A versão anterior, no Théâtre
psycho-dynamique, é mais analítica: “[...] os exercícios de Stanislawski
não levam a um transe [...] Esta forma de concentração é fundamental para o
ator artificial (ator de composição)[iv]”.
Ela afeta o esclarecimento. Quase um aviso para evitar confusão. Grotowski
distingue claramente: "[...] eu diria que existem dois tipos de ator: o
ator do processo e o ator da composição. O maior ator que eu conheci no campo
do processo foi Ryszard Cieslak" (Grotowski, s/d, p. 79). Em um livro cujo
centro motor – mantido na sala fechada – era justamente o processo interior que
“não pode ser ensinado”, melhor deixar cartas de escrever ou cigarros para
acender “sem nada” aos livros de Stanislavski.
Sabia
muito bem que para interessar ao Grotowski de Pontedera não era o método das
ações físicas para acender cigarros nem, muito menos, aquele utilizado pelo
diretor para a encenação. E, no entanto, decidi falar justamente deste último.

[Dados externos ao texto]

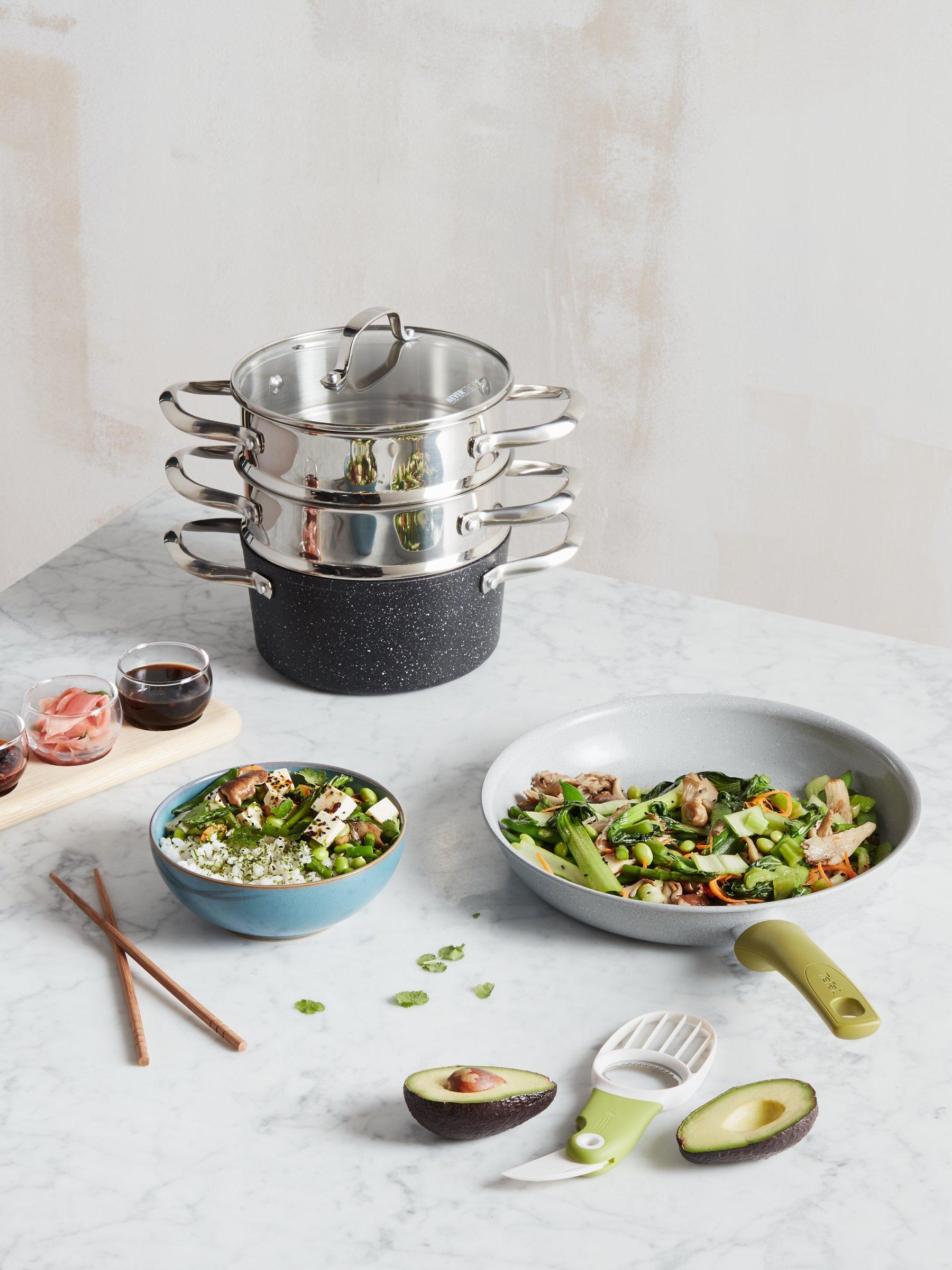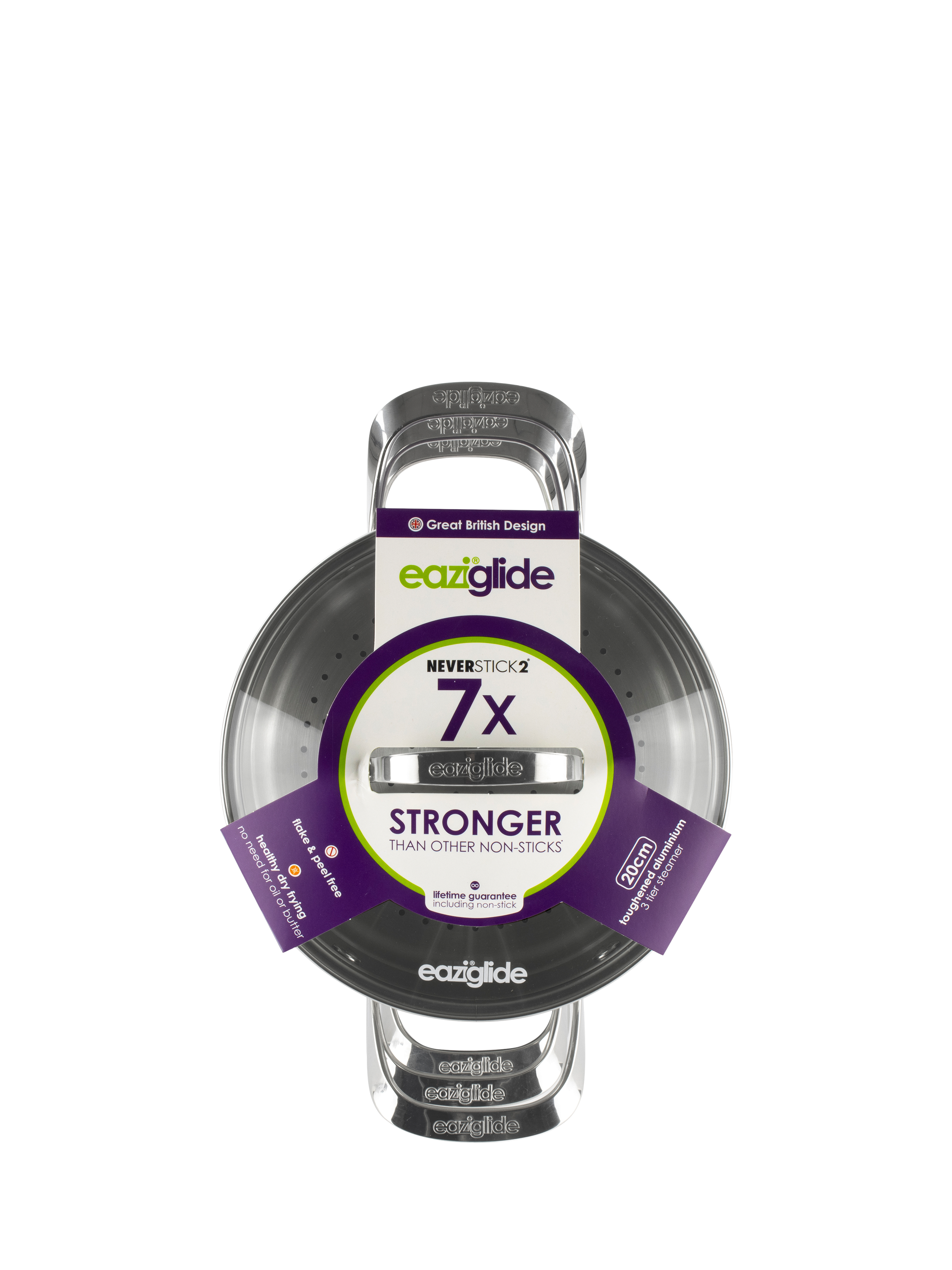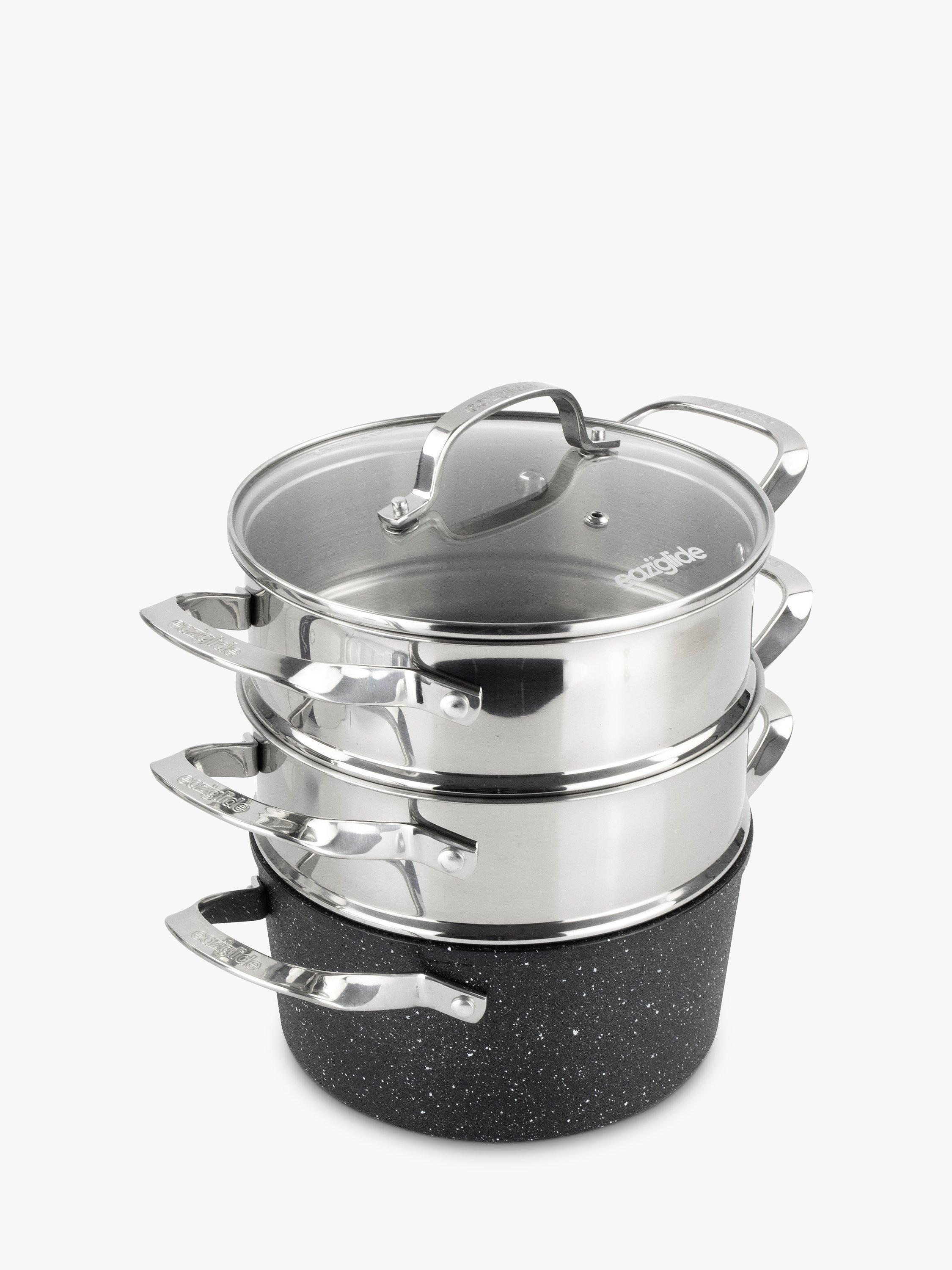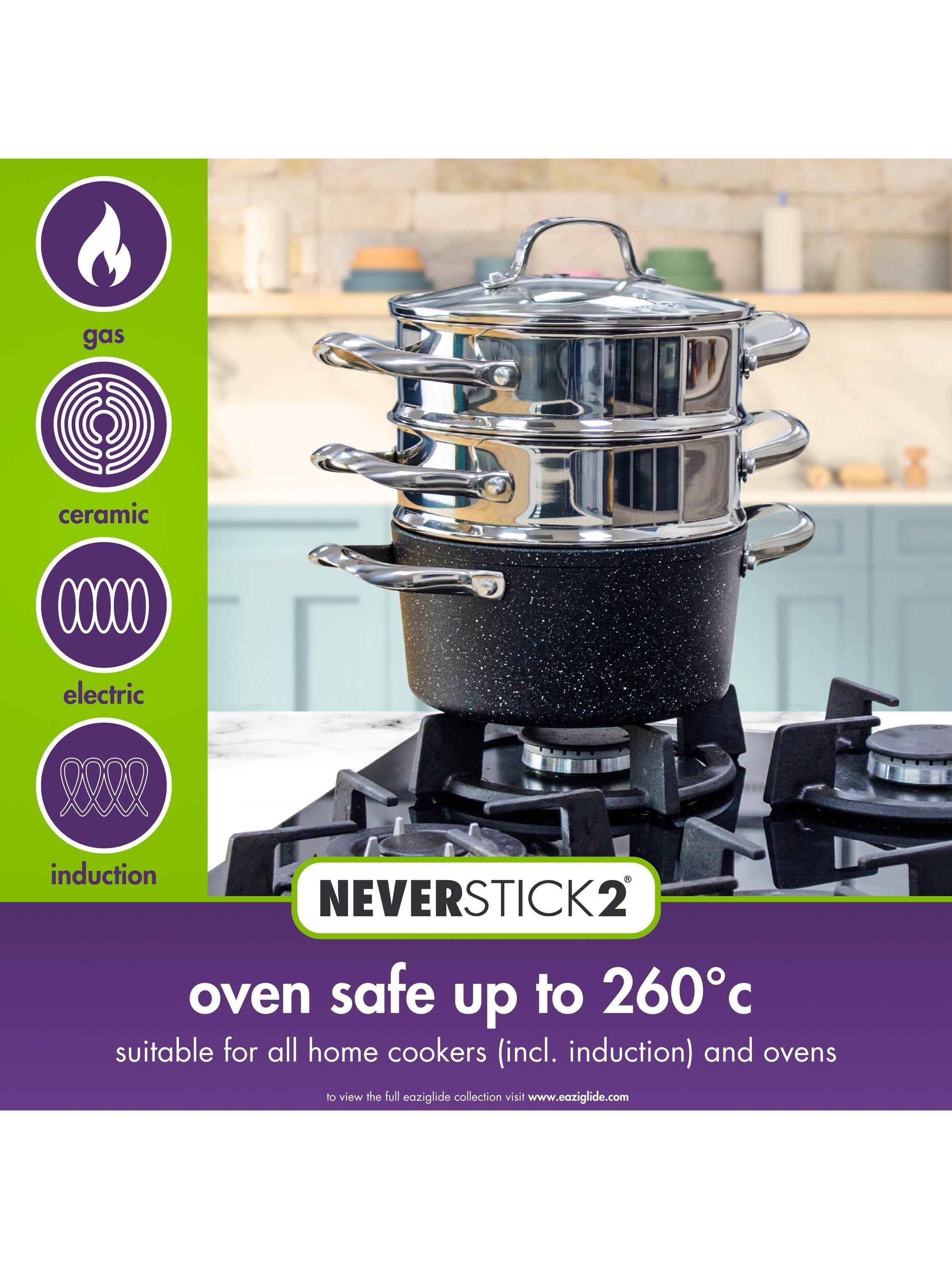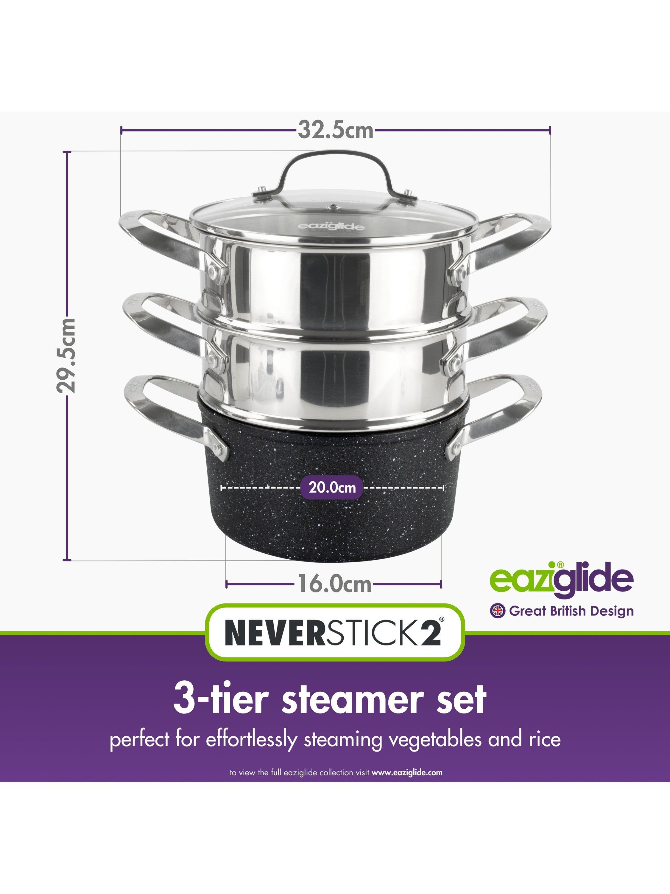 This versatile 3-tier steamer set includes a non-stick pot with two steamer inserts and a glass lid. The pot has a base constructed from highly durable, toughened aluminium and its Neverstick2 non-stick surface makes cooking easier and healthier. Dry fry on the hob without oil or butter or oven bake without greasing and benefit from the pot's excellent food release.
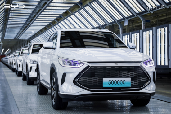 近日,比亚迪汽车西安工厂内,带有第50万辆标志的宋PLUS DM-i缓缓驶出生产线。

Fazia algum tempo que eu tinha lido na edição inglês do livro de Toporkov sobre
os últimos anos de Stanislavski, e eu sabia qual a importância que Grotowski
lhe atribuía (Toporkov, 1979, 1991). Os exemplos pro domo mea não faltavam. Citei-os em abundância. Que melhor
oportunidade para pavonear-me um pouco diante do mestre? Concluí afirmando que
o método das ações físicas – aquele do qual falei, naturalmente – não foi uma
revolução para Stanislavski.
No
final da jornada de trabalho, Grotowski parou para falar comigo. Ele disse que
eu tinha feito uma boa lição ortodoxa,
como um verdadeiro professor. Ele o fez, sorrindo e olhando-me diretamente nos
olhos, por trás daquelas lentes grossas, como pela primeira vez em Wroclaw
muitos anos antes. Enquanto eu esperava pela reprovação que eu mesmo havia
procurado, inesperadamente ele começou a falar sobre o livro de Toporkov. É um
livro fundamental para a compreensão de Stanislavski, disse ele, mas é preciso
estar atento às datas. Sendo um livro, tendemos a lê-lo como uma unidade de
texto, quando na verdade ele apresenta três momentos muito distantes no tempo,
de Dissipatori de 1927, a Anime morte de 1932 e a Tartufo de 1938. As datas são
importantes, concluiu. Em seguida, ele acrescentou que para compreender
plenamente o livro de Toporkov é preciso lê-lo em paralelo, inclusive
retroiluminado com o Romance teatral
de Bulgakov. A contralição de Grotowski terminou assim. Mesmo sorriso e nada
mais. Despedimo-nos.
O
que ele queria me dizer? Só posso dizer o que eu senti das suas palavras.
Ao
declarar em diversas ocasiões a continuidade e, ao mesmo tempo, o salto de seu
próprio trabalho em relação ao de Stanislavski, Grotowski nunca utilizou
indicações de tempos genéricos. Ele disse que sua pesquisa tinha começado no
ponto em que Stanislavski tinha parado, “[...] porque ele morreu"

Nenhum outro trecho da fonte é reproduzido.